Vampy, it is completely normal for small children to experiment; ie explore eachother's bodies and senses. Just as children love stimulation from music or colours, and like to explore it by banging on pots or finger painting, they also love touch and kisses... and if mommy or daddy touch and kiss them, they don't understand why they shouldn't do it to others. Also, while adults know that siblings probably shouldn't touch eachother's most sensitive places, small children do not know that it is "wrong", and merely like the way it feels. It has no sexual context for them. understood. this is also another discussion that we've had on the board. But this isn't the first time that it has happened. Vampy has sat down with the boys, seperately (the other is 3) and explained to them the whole private parts thing, what is acceptable behavior between brothers. Anthony knew what he was doing was not acceptable. He knew that it was something that he shouldn't be doing with his younger brother. That's where a majority of the 'getting upset' came from. It wasn't that they were doing that, it was the disobedience over something that he thought he had made it very clear that they shouldn't be doing.


Screaming at a child or threatening them, or encouraging violence on their part, is probably not a good way to deal with this situation. Anger, confusion, or frustration is a natural reaction on your part. A good way to deal with this is to seperate the children, tell the child that "Daddy is very angry with you right now. You are going to stay here in your room, and when I am ready"(or "When I think you're ready" if you feel that admitting a weakness is bad for your authority figure)" I will come back and talk with you about this." Then shut the door, and go cool off. Just shut the door. Leave the area. Junior will be fine. Meditate, pace, call a friend, scream into a pillow, punch a couch, go out and kick a tree. Anything but teach the child that it's okay to attack others when they're upset. Was done. the attack came several days later.



Okay. I'm sure you get the point. Enough about that, right? Mistakes happen.

That all aside, I think that counselling *together* would be wonderful for you and your son. One on one with a psychologist is a great way to learn about yourself, or for your son to express what his feeliings and views on the situation are. (Yes, little kids have feelings and views, even if "Daddy's mean and hates me, so I want to show him that I don't need him.") However, as I'm sure the psych would tell you, it's also really really important to have a therapy session together every once in a while. That way junior can tell you himself that he hates you. This gives you the oppourtunity to ask why. He can tell you why (Ie: "You don't want me."). This is a golden chance to tell and show him just how much you *do* love and want him.

Always reinforce how much you do love and want him. This is sooooo very important. He's angry because he doesn't understand the situation, and as a young child, he really can't. You have to explain it to him in a way he can understand, and let him tell you what really is upsetting him the most. If you want a good relationship with him, you must compromise. all good advice... and all things that he is trying to setup/do.

Semele
October 5th, 2004, 10:16 AM
as mentioned in the gun control thread a few months back, all guns are locked with the legal safeties in place.

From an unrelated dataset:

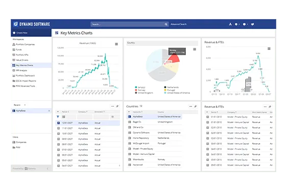 Your portfolio companies are always in motion. Gathering data from finance teams at each company can be difficult and time consuming and standardizing qualitative KPIs is challenging. Dynamo PMV helps GPs automate the tasks of gathering, analyzing, and reporting on portfolio performance for asset-level operating metrics (financial and KPIs), performing valuation, and creating fund overviews. Dynamo offers an out-of-the-box report library, configurable workspaces and dashboards, robust Excel integration, and integration with Dynamo’s other modules such as Accounting, CRM, and Portfolio Management modules. We host a dedicated portal for portfolio companies where they can access their own data and documents, as well as custom dashboards from our report library or designed by you as an admin. With Dynamo PMV, portfolio companies can effortlessly submit information, empowering your team to perform valuations and analyze fund- and asset-level value creation.

Uh, no. He claims to keep the loaded gun under the pillow. There was even a post about the gun going off.

In fact, if you do a search, almost every post by Vampy is a bunch of BS stating about how he is abusing and/or neglecting his children as outlined by the law. As Erubus stated there is a such thing as obligated reporting and that is what we will do with the very next admission of such activity on this forum. We have done it before and will do it again. What kind of monsters would we be if we allow you to come on here and tell us about this crap and not try to intervene?

I am closing this thread. those who wish to support Vampy, please feel free to do so in private message.

Xentor
October 6th, 2004, 11:09 AM
In fact, if you do a search, almost every post by Vampy is a bunch of BS stating about how he is abusing and/or neglecting his children as outlined by the law.